Source page: McKinsey & Company
Commentary
Curb your crisis: Preparing for risk today can prevent disaster tomorrow
Risk | Strategy
December 16, 2020 – We looked at three potential crisis scenarios across three sectors and found that pairs of companies with much—but not everything—in common could view the same risk differently. Brand identity and supply-chain resilience are most affected across the grid.
To read the article, see “The disaster you could have stopped: Preparing for extraordinary risks,” December 15, 2020.
customizer here
Visual form
Scenario attribute matrix.
Layout / body structure
The chart is a table-like matrix divided into three scenario columns, each comparing a pair of companies within a sector. Read each scenario from top to bottom across the listed attributes, then compare left company versus right company before moving to the next scenario.
What is being compared
The chart compares how the same crisis risk can affect paired companies differently depending on operating model, business value proposition, or organizational culture. It does that across six attributes, including customer loyalty, brand identity, supply-chain resilience, psychological safety, inventory durability, and financial stability.
Measurement system
The chart is categorical rather than numeric. Each square is color coded as weak, stable, or strong attribute, and the bottom rows summarize certainty of impact and whole-company impact for each company pair.

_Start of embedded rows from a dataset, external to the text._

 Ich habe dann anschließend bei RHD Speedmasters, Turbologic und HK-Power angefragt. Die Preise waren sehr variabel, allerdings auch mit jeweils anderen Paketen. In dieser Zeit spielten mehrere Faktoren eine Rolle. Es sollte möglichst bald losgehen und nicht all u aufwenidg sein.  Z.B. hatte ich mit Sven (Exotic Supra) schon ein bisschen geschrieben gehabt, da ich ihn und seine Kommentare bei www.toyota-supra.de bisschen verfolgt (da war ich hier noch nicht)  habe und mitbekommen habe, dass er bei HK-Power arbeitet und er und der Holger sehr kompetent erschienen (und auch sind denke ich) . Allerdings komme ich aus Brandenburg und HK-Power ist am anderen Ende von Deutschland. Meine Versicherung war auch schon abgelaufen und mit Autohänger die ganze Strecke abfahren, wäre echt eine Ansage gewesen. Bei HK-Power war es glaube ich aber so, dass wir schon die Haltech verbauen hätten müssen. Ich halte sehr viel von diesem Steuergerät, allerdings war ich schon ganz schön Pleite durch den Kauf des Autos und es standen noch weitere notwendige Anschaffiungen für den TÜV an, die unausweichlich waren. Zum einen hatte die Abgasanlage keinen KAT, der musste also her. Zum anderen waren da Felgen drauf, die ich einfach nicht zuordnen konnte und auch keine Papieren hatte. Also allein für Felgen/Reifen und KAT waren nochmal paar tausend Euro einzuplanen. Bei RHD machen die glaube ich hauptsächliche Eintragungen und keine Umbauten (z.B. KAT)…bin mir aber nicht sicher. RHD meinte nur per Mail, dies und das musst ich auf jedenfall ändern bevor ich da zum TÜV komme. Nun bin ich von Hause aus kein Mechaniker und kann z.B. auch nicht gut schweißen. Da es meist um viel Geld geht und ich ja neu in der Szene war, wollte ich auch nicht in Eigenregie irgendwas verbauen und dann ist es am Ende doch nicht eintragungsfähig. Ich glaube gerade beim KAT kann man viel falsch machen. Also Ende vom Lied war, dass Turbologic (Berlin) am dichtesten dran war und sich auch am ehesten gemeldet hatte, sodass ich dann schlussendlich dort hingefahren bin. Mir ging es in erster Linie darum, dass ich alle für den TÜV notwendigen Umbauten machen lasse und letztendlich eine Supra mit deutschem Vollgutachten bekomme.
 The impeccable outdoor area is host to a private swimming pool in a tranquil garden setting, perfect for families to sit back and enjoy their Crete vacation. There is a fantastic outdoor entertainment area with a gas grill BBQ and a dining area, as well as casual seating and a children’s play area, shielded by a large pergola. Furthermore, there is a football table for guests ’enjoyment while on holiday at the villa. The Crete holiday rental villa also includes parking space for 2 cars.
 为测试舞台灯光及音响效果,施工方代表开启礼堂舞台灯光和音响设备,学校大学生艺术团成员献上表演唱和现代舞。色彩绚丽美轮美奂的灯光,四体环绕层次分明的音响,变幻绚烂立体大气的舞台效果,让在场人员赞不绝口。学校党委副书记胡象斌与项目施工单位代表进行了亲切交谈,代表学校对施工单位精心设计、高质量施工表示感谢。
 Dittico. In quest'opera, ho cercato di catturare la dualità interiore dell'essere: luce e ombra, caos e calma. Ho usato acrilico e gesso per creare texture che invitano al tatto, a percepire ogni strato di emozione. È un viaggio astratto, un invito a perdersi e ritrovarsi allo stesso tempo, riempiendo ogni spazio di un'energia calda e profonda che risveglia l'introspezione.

Visible structure inside the graphic
Three scenario blocks span the page: electronics companies A and B, trendy fashion company C versus traditional fashion company D, and automaker E versus automaker F. Within each block, colored squares mark the strength of the six attributes, and the final two rows state the certainty and whole-company impact levels such as high or medium.
Main takeaway from the visual
Different combinations of company attributes produce meaningfully different crisis outcomes even when companies face the same external shock. The contrasting square patterns within each pair make it clear that resilience depends on internal configuration, not just industry exposure.
Key standout values or extremes
Scenario 1 shows the strongest divergence in whole-company impact, with Electronics company B marked high and company A marked medium despite facing the same business-value proposition. Scenario 3 shows especially sharp differences in psychological safety and financial stability between the two automakers, while Scenario 2 contrasts weak inventory durability for trendy fashion company C against stronger inventory durability for traditional fashion company D.
Controls / sequence, when applicable
This is a static chart image with no in-chart controls to operate.
Companion media, when applicable
There is no separate companion audio or video; the chart image is the full visual on this page.